**Problem to solve**
Leave out every line before the one that contains "چلاغ. [ چ ُ". Please restate that line and the rest of the data word for word, through the end.

(Material for this exercise)

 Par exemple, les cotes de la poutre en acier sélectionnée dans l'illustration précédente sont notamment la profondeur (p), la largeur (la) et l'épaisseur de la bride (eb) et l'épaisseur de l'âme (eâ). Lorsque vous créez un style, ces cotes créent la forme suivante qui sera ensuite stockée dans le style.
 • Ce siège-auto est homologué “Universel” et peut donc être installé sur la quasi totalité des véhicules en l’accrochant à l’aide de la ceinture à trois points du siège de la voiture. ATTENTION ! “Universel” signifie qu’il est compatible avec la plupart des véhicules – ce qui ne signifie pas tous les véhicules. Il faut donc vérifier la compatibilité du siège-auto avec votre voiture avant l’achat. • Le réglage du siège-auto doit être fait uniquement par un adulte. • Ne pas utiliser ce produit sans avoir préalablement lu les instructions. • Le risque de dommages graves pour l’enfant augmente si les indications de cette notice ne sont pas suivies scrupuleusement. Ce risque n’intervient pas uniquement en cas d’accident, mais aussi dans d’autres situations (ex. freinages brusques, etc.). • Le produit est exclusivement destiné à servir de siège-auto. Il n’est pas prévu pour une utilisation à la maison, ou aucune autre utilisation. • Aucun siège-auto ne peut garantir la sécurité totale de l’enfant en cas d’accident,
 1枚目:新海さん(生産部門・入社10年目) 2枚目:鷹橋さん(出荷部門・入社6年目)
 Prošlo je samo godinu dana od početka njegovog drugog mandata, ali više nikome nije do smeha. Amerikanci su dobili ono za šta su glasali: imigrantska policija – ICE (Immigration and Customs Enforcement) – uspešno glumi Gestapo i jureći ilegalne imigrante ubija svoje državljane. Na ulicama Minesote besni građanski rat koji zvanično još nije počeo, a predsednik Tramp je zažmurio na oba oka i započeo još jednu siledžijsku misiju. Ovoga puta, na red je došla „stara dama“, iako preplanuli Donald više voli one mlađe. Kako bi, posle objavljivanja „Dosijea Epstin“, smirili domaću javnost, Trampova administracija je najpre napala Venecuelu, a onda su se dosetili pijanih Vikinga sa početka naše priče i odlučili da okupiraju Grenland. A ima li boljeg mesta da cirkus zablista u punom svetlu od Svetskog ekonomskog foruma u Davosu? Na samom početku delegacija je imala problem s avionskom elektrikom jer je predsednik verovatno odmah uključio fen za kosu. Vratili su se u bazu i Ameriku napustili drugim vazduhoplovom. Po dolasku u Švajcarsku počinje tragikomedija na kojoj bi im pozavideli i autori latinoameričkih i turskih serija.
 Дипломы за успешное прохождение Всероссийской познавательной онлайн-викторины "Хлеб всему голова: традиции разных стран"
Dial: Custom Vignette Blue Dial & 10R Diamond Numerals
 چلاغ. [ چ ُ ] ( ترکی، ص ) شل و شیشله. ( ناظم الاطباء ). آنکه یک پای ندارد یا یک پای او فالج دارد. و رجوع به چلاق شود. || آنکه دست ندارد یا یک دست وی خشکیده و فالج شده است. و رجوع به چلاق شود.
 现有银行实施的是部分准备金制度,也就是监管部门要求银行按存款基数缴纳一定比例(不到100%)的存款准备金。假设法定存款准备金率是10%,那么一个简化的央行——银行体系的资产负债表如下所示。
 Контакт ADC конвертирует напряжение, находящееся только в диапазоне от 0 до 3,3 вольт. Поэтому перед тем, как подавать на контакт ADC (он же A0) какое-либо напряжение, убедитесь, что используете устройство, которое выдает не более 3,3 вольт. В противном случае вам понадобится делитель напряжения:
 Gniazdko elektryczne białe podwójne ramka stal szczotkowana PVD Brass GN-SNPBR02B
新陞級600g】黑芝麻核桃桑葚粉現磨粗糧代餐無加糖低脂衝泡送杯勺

(End Material for this exercise)

**Task solution**
 چلاغ. [ چ ُ ] ( ترکی، ص ) شل و شیشله. ( ناظم الاطباء ). آنکه یک پای ندارد یا یک پای او فالج دارد. و رجوع به چلاق شود. || آنکه دست ندارد یا یک دست وی خشکیده و فالج شده است. و رجوع به چلاق شود.
 现有银行实施的是部分准备金制度,也就是监管部门要求银行按存款基数缴纳一定比例(不到100%)的存款准备金。假设法定存款准备金率是10%,那么一个简化的央行——银行体系的资产负债表如下所示。
 Контакт ADC конвертирует напряжение, находящееся только в диапазоне от 0 до 3,3 вольт. Поэтому перед тем, как подавать на контакт ADC (он же A0) какое-либо напряжение, убедитесь, что используете устройство, которое выдает не более 3,3 вольт. В противном случае вам понадобится делитель напряжения:
 Gniazdko elektryczne białe podwójne ramka stal szczotkowana PVD Brass GN-SNPBR02B
新陞級600g】黑芝麻核桃桑葚粉現磨粗糧代餐無加糖低脂衝泡送杯勺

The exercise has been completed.